1. Technical Field
The present invention relates to an image processing device, an imaging device, an image processing method, and a computer readable medium.
2. Background Art
Digital cameras are widely known that are provided with autofocus, in which phase difference detection methods and contrast detection methods are employed, and also what is referred to as a manual focus mode, in which a user can manually perform focus adjustment.
Digital cameras including a manual focus mode are known in which a reflex mirror is provided to enable focus adjustment while checking a subject-image, and a method is utilized in which a split microprism screen is employed to display the phase difference visually. Utilization of a method in which contrast is checked visually is also known.
However, in digital cameras with the reflex mirror omitted that have become prevalent in recent years, since there is no reflex mirror, there is no method to check the subject-image while displaying the phase difference, and contrast detection methods have had to be relied on. However, in such cases, contrast cannot be displayed at a resolution greater than that of a display device, such as a Liquid Crystal Display (LCD), requiring adoption of methods such as enlarging a portion for display.

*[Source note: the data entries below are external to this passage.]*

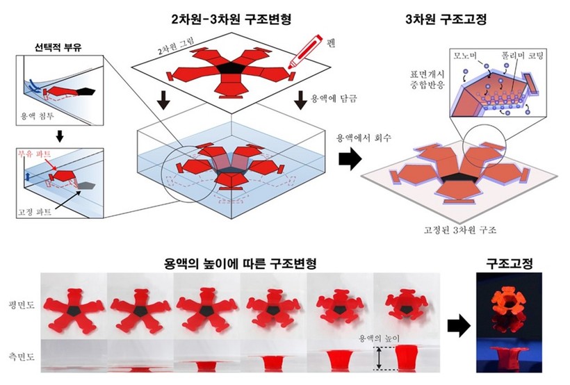 공동1저자인 이수민 석박사통합과정 연구원은 “보드마카로 그린 그림이 물에 떠오르는 현상을 그냥 넘기지 않고 흥미롭게 생각했기에 3차원 구조 제작 기술로 발전시킬 수 있었다”고 했다.
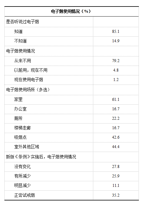 调查发现,83.0%的受访者知道电子烟已纳入禁烟范围,85.1%的受访者听说过电子烟,1.2%的受访者正在使用电子烟,电子烟使用场所排名前三位的分别是家里、室外其他区域、吸烟点,此外,72.2%的现在电子烟使用者减少或尝试戒烟。
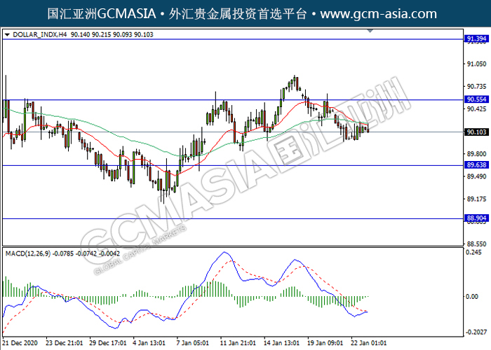 DOLLAR_INDX,H4:美元震荡盘整靠近平均线。然而,MACD开始形成金叉,空头动能略减,短期关注多头趋势为主。上方关90.55压力和91.40压力,下方关注89.65支撑和88.90支撑。
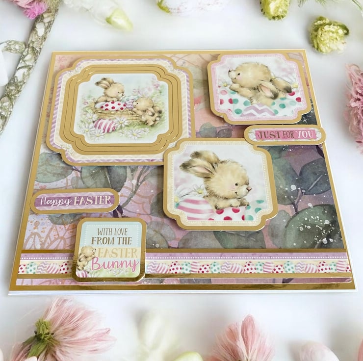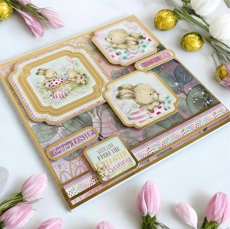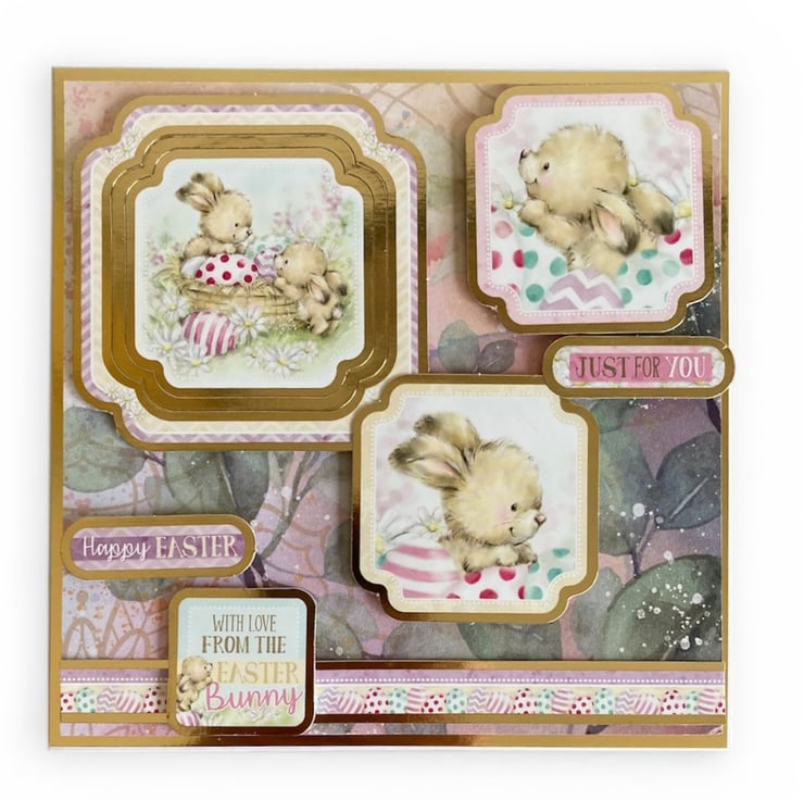 This card features a charming, nostalgic illustration of fluffy bunnies and decorated eggs, brought to life with intricate 3D decoupage layering. Every element is layered to create a wonderful sense of depth.
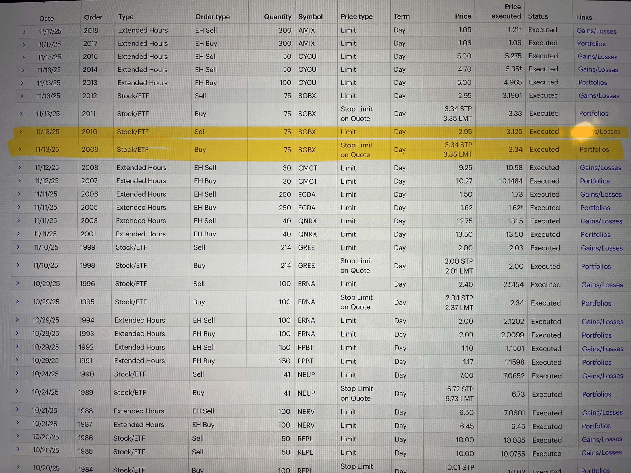 Entry date Nov 13, 2025: Bought 75 shares of SGBX for $3.34. Afternoon reclaim of VWAP play, bought when it broke intraday resistance above VWAP & below oracle signal, big % gainer, momentum mover, 158x float rotation, 404.9K float, former spiker. Goal was .60¢ spike. Risk/reward was 1:2 .30¢ downside .60¢ upside. Exit date Nov 13, 2025: Sold 75 shares of SGBX for $3.13. Fake out, choppy, sold as it did not do what I wanted.
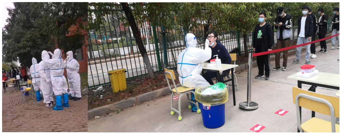 在核酸检测现场,学院领导指挥得力,各小组分工明确,学生会干部和党员、预备党员组成多支志愿者队伍,协助检测人员,加强采样现场的组织引导,避免人群聚集,严格落实采样点交叉感染,执行各项防控要求,确保全员核酸检测时没有漏采人员,没有因现场人群聚集造成疫情传播。
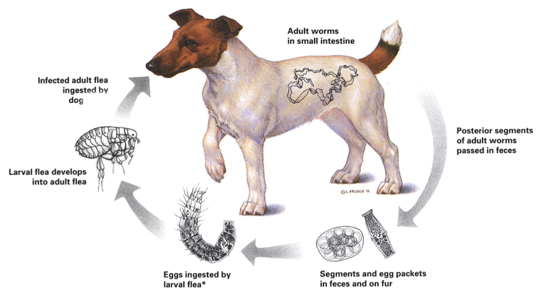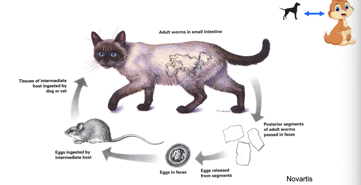 Praziquantel → D. caninum(eating fleas), T. pisiformis, E. multilocularis (eating rodents)
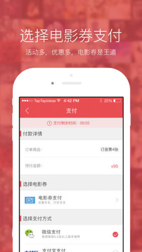 5、“电影卡券支付”功能,让你不用掏现金、随心所欲的买,不再为票贵而烦恼

In recent years, therefore, a split-image is displayed within a live-view image (also referred to as a through image), so as to make the work of focusing on the subject-image easier for an operator when in manual focus mode. Split-image refers to a divided image in which, for example, a display region has been divided into plural sections (such as each image divided in the up-down direction), and in which displacement is imparted in the parallax generation direction (such as the left-right direction) according to focus misalignment, and is a divided image in which the displacement in the parallax generation direction disappears in an in-focus state. The operator (such as a photographer) operates a manual focus ring (hereafter referred to as a “focus ring”) to match the focus so that displacement of the split-image (such as each image divided in the up-down direction) is removed.
In the imaging device described in JP-A No. 2009-147665 (referred to below as “Patent Document 1”), out of light rays from an imaging optical system, a first subject-image and a second subject-image formed by light rays divided by a pupil divider are photoelectrically converted to generate a first image and a second image, respectively. The first and the second images are employed to generate a split-image, and a third subject-image formed by the light rays not divided by the pupil divider is photoelectrically converted to generate a third image. The third image is displayed on a display and the generated split-image is displayed inside the third image, and color data extracted from the third image is applied to the split-image. By applying color data extracted from the third image to the split-image in this way, excellent visibility of the split-image can be achieved.
In the imaging device described in JP-A No. 2011-223562 (referred to below as Patent Document 2), light that has passed through different regions in the left-right direction of an imaging optical system is received, images from left and right viewpoints are acquired by photoelectrical conversion, and shooting correction is performed on the images from left and right viewpoints by applying different shooting correction amounts to the left and right viewpoint images.
In the imaging device described in JP-A No. 2012-75079 (referred to below as Patent Document 3), different shooting correction is applied to left and right viewpoint images that have been captured using a single imaging optical system so as to reduce the brightness difference between the left and right viewpoint images.
The imaging device described in WO 2012/036019 (referred to below as Patent Document 4) includes a two dimensional correction table for correcting shooting with a lens, and a one dimensional correction table for correcting shooting by monocular 3D.